- _TASK DATA_:
* * * *

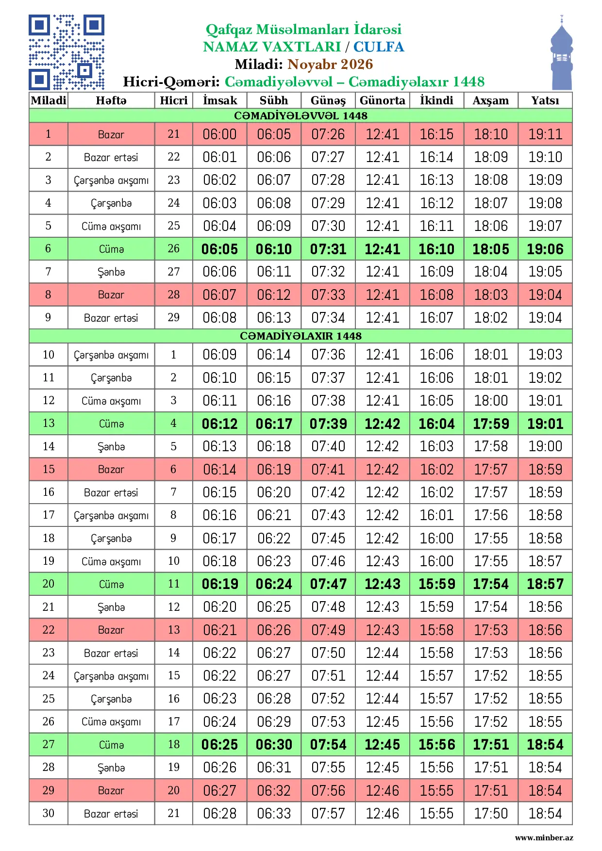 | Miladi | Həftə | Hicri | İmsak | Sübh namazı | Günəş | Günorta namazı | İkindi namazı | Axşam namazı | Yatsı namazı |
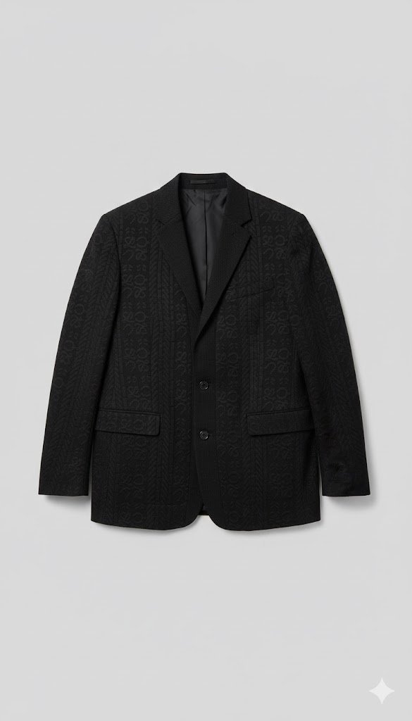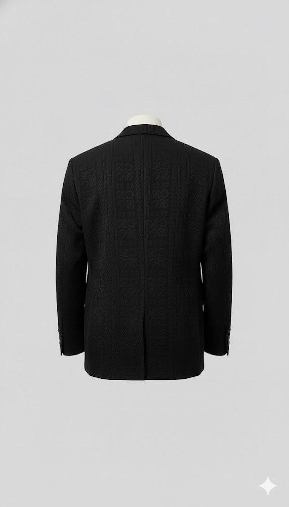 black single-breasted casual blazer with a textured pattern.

* * * *

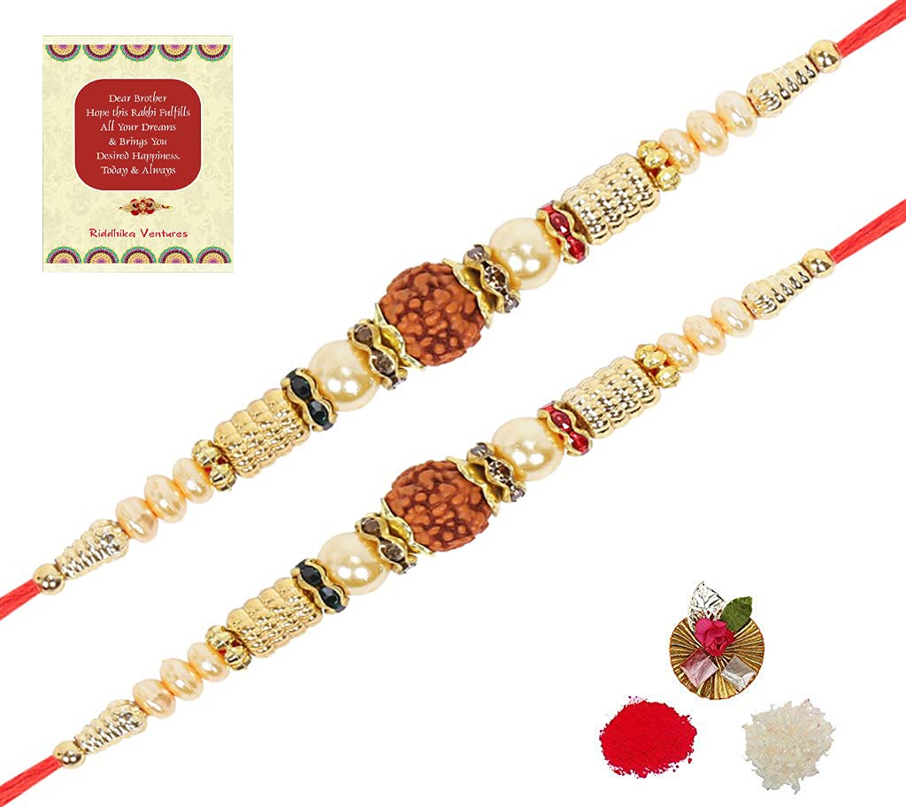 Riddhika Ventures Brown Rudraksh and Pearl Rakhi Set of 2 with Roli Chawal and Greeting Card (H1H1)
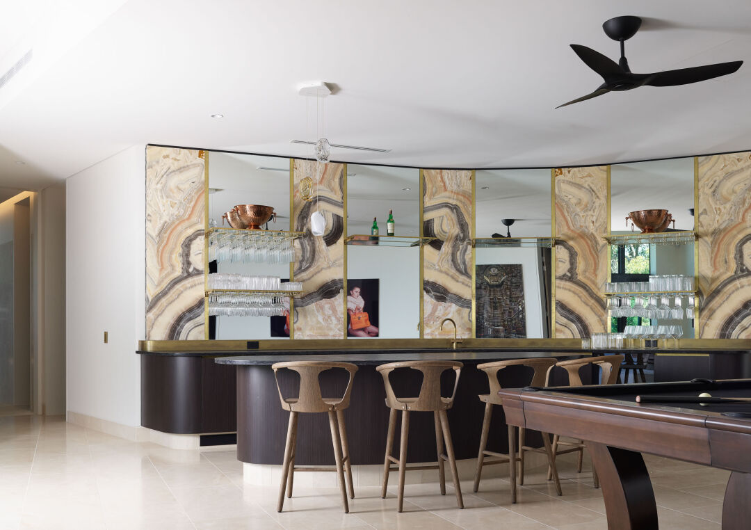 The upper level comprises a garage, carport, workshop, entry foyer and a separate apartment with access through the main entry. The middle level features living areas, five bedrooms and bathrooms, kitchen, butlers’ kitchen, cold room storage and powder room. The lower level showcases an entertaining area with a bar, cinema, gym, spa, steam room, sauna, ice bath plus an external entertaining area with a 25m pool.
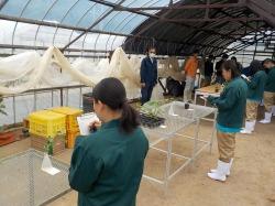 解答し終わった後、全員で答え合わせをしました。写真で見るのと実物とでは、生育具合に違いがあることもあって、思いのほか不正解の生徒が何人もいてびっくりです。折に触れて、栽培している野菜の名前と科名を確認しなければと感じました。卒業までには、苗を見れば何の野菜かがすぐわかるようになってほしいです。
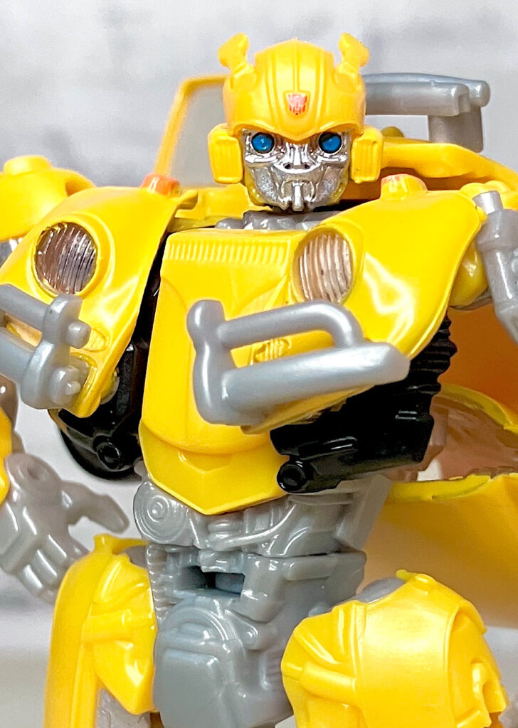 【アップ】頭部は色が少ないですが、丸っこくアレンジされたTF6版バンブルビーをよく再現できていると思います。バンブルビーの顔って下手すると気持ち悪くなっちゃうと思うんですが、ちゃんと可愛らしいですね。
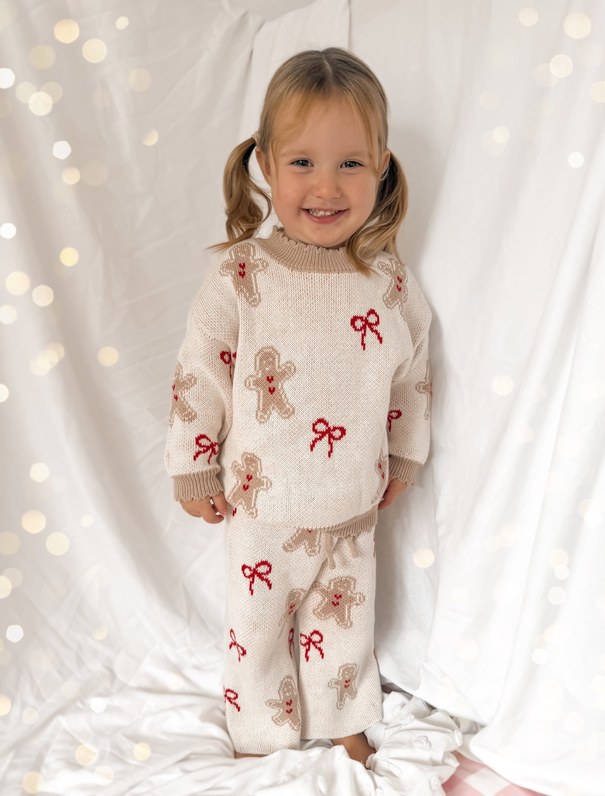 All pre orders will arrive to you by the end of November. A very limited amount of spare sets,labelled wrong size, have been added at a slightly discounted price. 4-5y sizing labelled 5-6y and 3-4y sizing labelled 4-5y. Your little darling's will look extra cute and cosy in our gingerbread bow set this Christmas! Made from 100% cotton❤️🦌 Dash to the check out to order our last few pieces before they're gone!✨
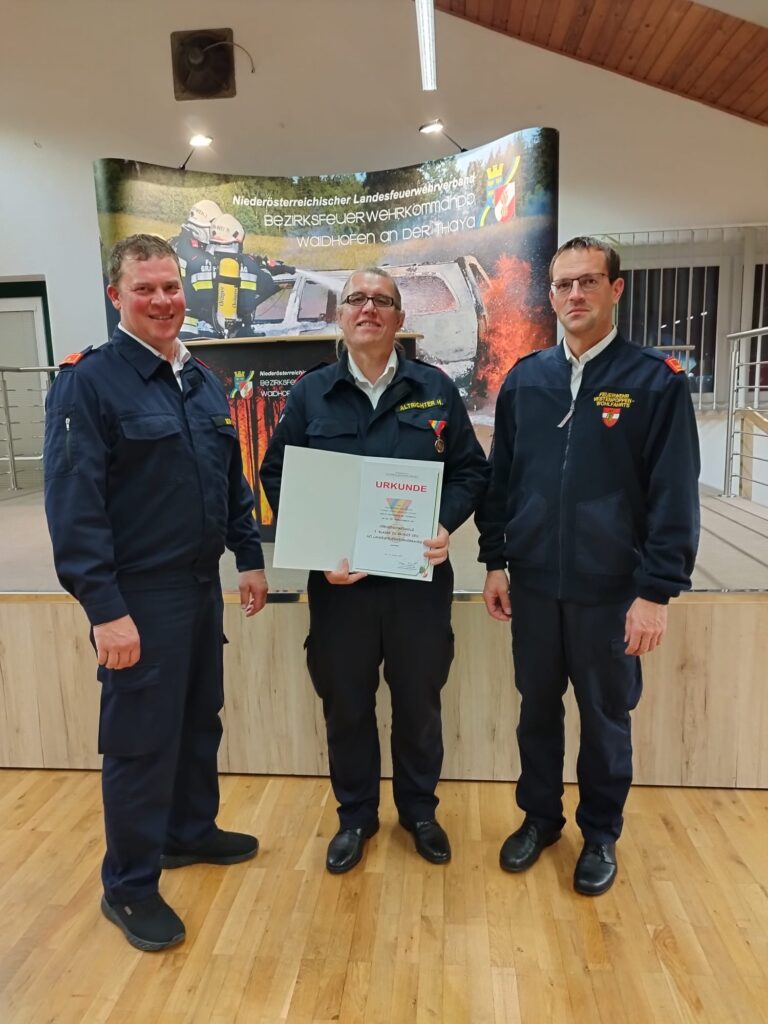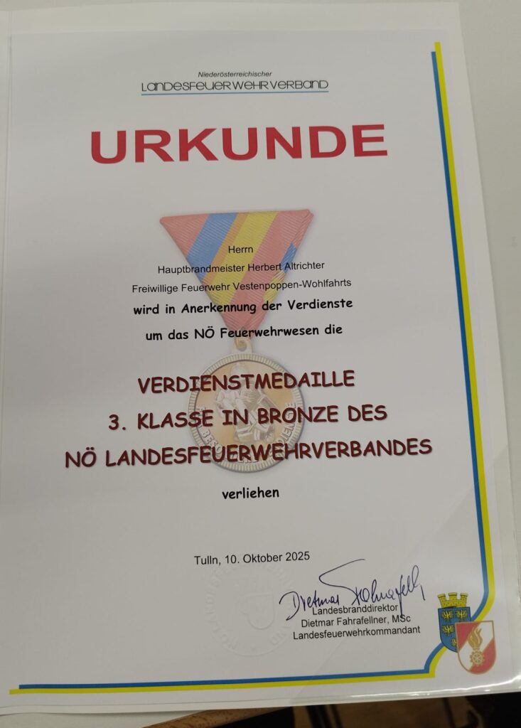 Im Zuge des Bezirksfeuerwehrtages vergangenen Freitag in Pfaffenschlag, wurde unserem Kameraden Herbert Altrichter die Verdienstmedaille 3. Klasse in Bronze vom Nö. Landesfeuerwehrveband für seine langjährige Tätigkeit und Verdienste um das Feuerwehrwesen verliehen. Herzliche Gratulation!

* * * *

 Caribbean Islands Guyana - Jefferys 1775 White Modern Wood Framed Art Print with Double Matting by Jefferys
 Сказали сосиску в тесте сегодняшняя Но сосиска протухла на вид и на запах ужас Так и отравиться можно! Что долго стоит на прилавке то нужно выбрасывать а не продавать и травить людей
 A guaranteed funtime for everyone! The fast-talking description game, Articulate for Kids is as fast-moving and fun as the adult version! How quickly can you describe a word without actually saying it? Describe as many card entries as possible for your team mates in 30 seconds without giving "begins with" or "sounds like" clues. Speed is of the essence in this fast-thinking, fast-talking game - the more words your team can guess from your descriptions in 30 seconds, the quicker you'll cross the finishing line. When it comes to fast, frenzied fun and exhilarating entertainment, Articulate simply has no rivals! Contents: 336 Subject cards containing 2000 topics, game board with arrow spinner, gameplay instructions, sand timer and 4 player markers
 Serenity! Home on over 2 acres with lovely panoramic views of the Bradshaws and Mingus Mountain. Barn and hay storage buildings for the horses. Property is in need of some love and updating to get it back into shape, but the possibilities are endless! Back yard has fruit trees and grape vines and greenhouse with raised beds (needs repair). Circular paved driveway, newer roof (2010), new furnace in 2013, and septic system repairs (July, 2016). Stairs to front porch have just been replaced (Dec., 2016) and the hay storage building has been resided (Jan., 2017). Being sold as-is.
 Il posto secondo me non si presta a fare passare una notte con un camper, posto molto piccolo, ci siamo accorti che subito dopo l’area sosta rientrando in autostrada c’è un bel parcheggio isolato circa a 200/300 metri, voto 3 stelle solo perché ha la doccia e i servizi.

* * * *

- _PROBLEM TO WORK ON_:
Your answer should be the lines above, from the line containing "Сказали сосиску в" up to and including the line containing "Il posto secondo", reproduced exactly and with nothing else.

- _TASK ANSWER_:
 Сказали сосиску в тесте сегодняшняя Но сосиска протухла на вид и на запах ужас Так и отравиться можно! Что долго стоит на прилавке то нужно выбрасывать а не продавать и травить людей
 A guaranteed funtime for everyone! The fast-talking description game, Articulate for Kids is as fast-moving and fun as the adult version! How quickly can you describe a word without actually saying it? Describe as many card entries as possible for your team mates in 30 seconds without giving "begins with" or "sounds like" clues. Speed is of the essence in this fast-thinking, fast-talking game - the more words your team can guess from your descriptions in 30 seconds, the quicker you'll cross the finishing line. When it comes to fast, frenzied fun and exhilarating entertainment, Articulate simply has no rivals! Contents: 336 Subject cards containing 2000 topics, game board with arrow spinner, gameplay instructions, sand timer and 4 player markers
 Serenity! Home on over 2 acres with lovely panoramic views of the Bradshaws and Mingus Mountain. Barn and hay storage buildings for the horses. Property is in need of some love and updating to get it back into shape, but the possibilities are endless! Back yard has fruit trees and grape vines and greenhouse with raised beds (needs repair). Circular paved driveway, newer roof (2010), new furnace in 2013, and septic system repairs (July, 2016). Stairs to front porch have just been replaced (Dec., 2016) and the hay storage building has been resided (Jan., 2017). Being sold as-is.
 Il posto secondo me non si presta a fare passare una notte con un camper, posto molto piccolo, ci siamo accorti che subito dopo l’area sosta rientrando in autostrada c’è un bel parcheggio isolato circa a 200/300 metri, voto 3 stelle solo perché ha la doccia e i servizi.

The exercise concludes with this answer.